To obtain our sample two reviewers independently examined all original research articles published in June 2017 (n = 328, Figure 1) in the top 25% of physiology journals, as determined by 2016 journal impact factor (see Methods for full details). Disagreements were resolved by consensus. 84.5% of the articles (277/328) included either a t-test or an ANOVA, and 38.7% of articles (127/328) included both. ANOVA (n = 225, 68.6%) was more common than t-tests (n = 179, 54.5%). Among papers that reported the number of factors for at least one ANOVA, most were using a maximum of one (n = 112, 49.8%) or two (n = 69, 30.7%) factors. ANOVAs with three or more factors were uncommon (n = 6, 2.7%). This approach involved a number of limitations.

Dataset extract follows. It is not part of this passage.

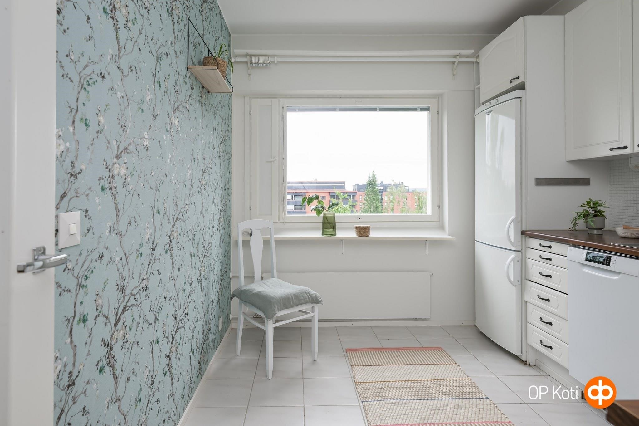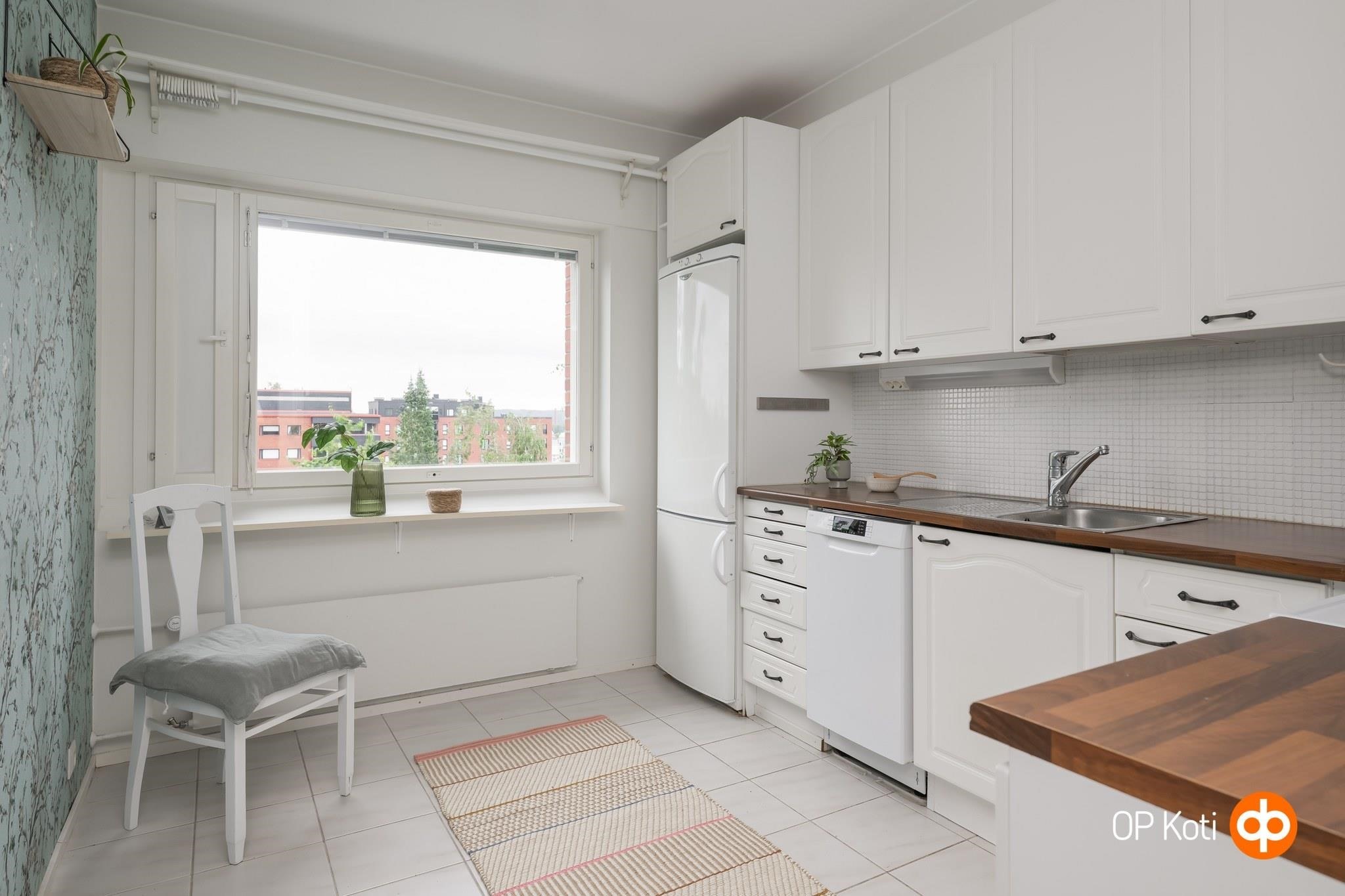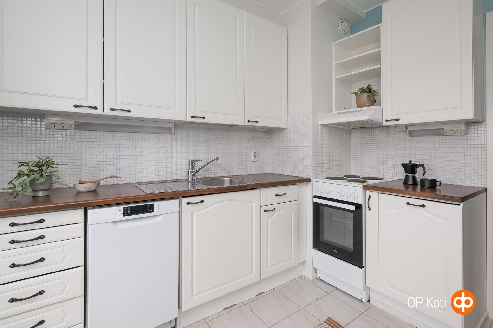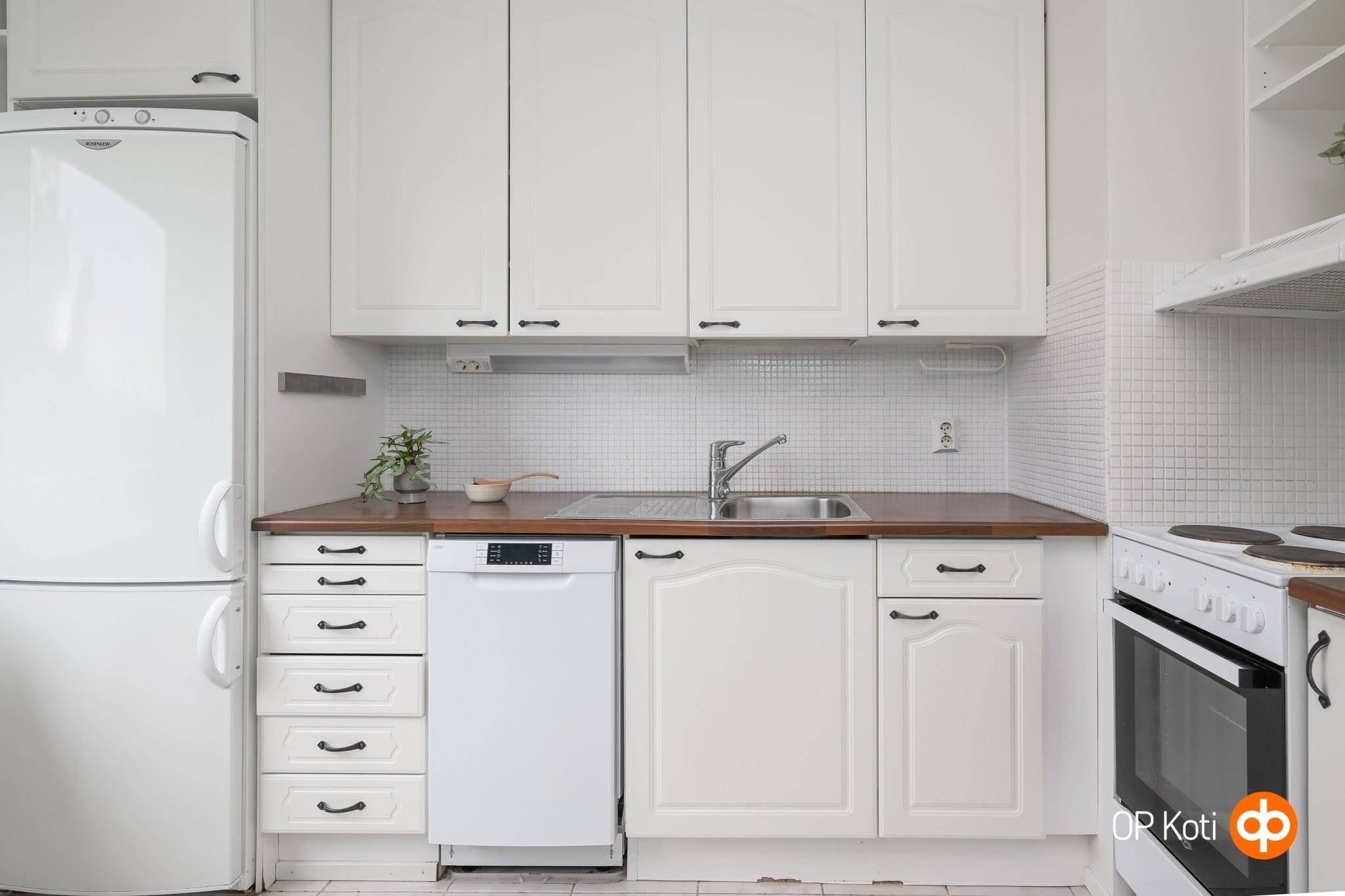 - Jääkaappipakastin, sähköliesi, liesituuletin, astianpesukone, kaapistot, kiinteät valaisimet.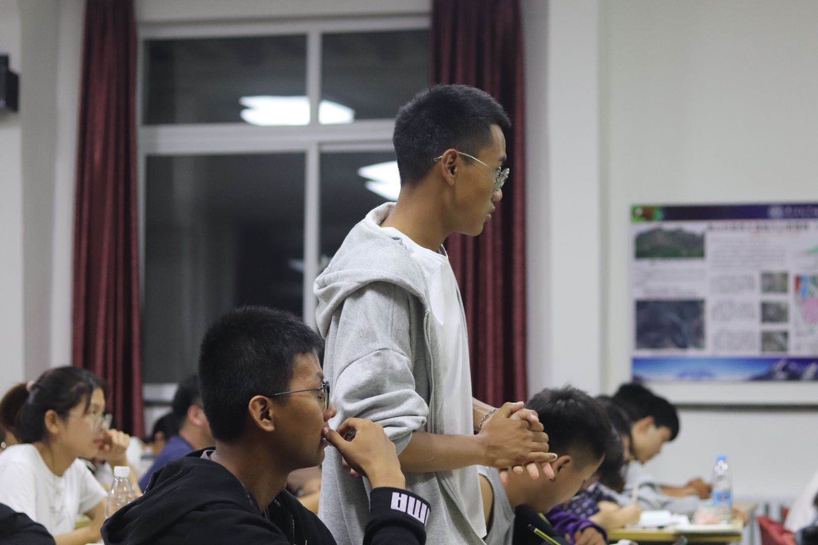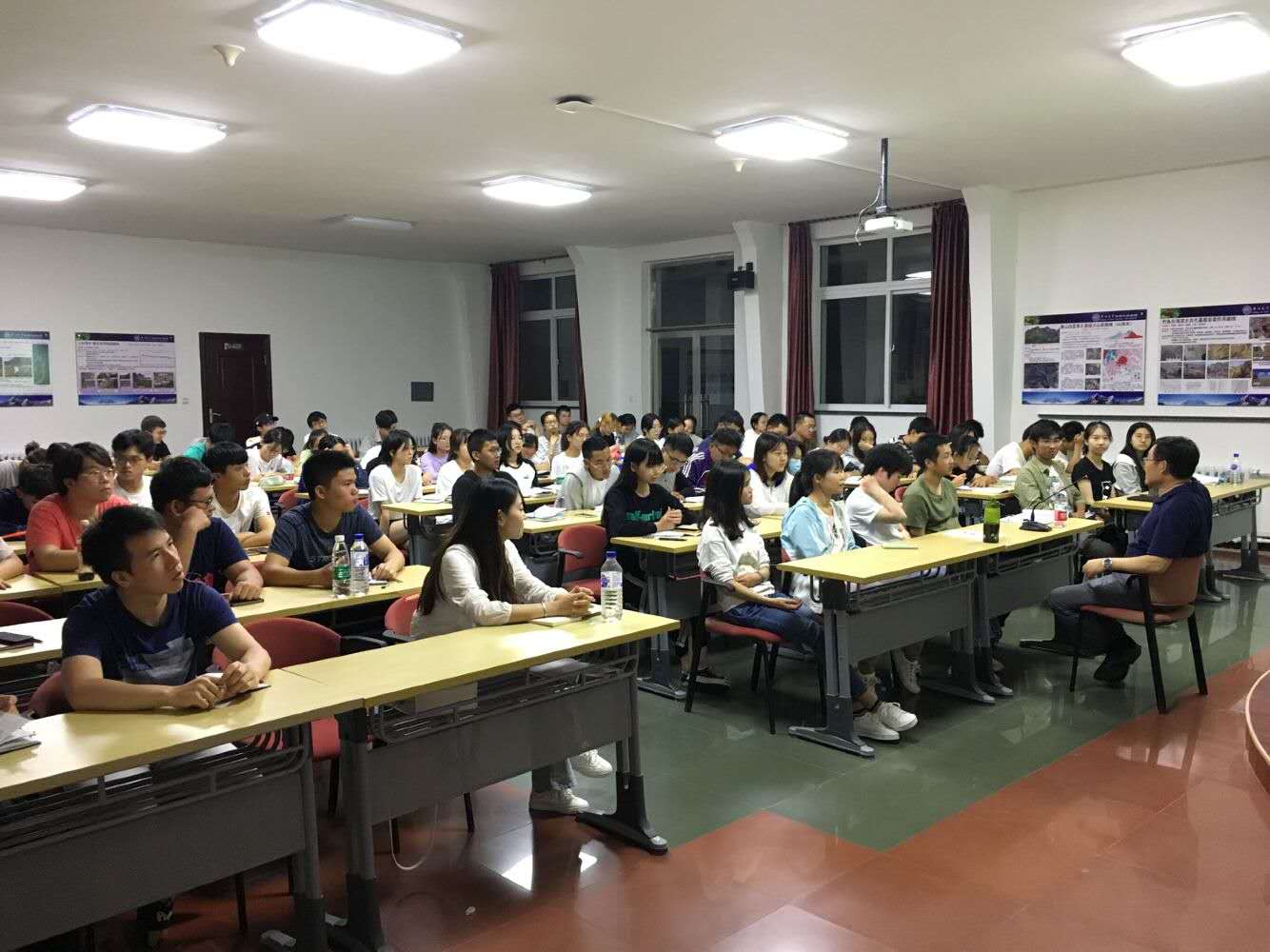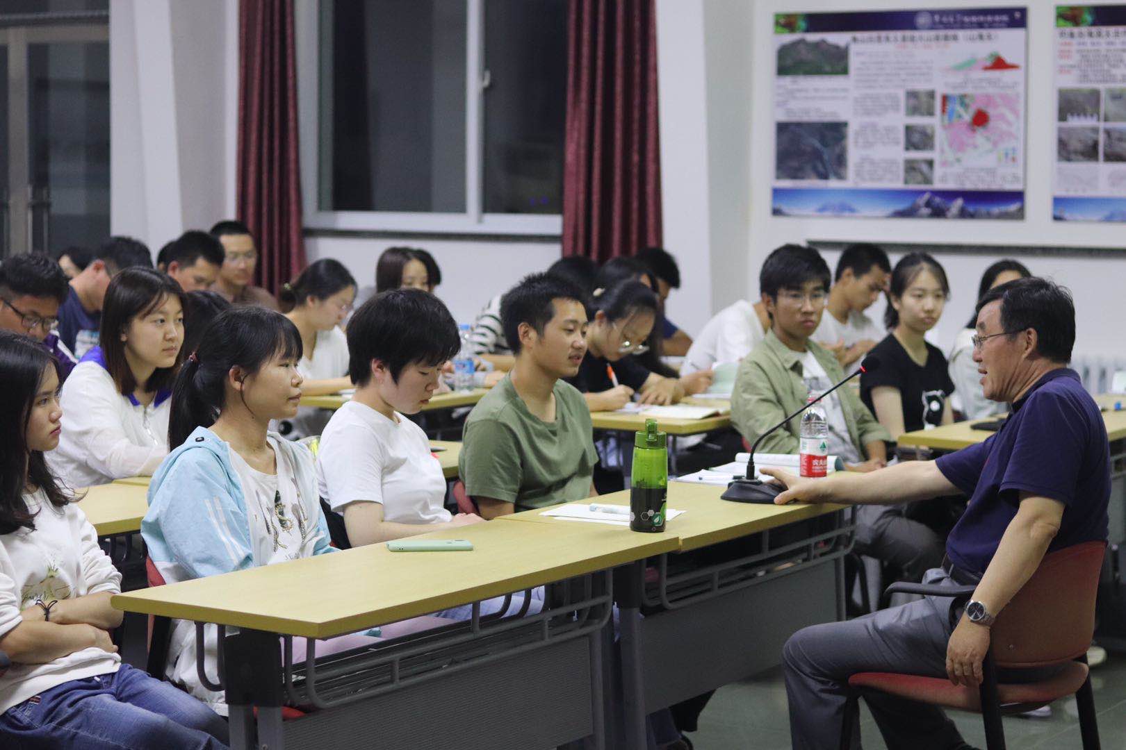 达了书本知识在实践运用过程中的困惑,提出了学院专业评估前景以及本专业相关的考研、就业等问题,许院长肯定同学们在书本上与野外实习中汲取的知识,分析专业现状与就业前景,鼓励同学们继续深造。同学们也积极地分享了自己本周实习过程中的趣事,教室中掌声与欢笑不断。

All the journals in our sample were indexed in PubMed and only published English language articles, so our results may not be generalizable to brief reports, journals with lower impact factors, journals that publish articles in other languages, or journals that are not indexed in PubMed. Further research is also needed to determine if statistical reporting practices in other fields are similar to what we found in physiology.
Figure 1. Systematic review flow chart.
The flow chart illustrates the selection of articles for inclusion in this analysis at each stage of the screening process.
Can we determine which type of ANOVA was performed?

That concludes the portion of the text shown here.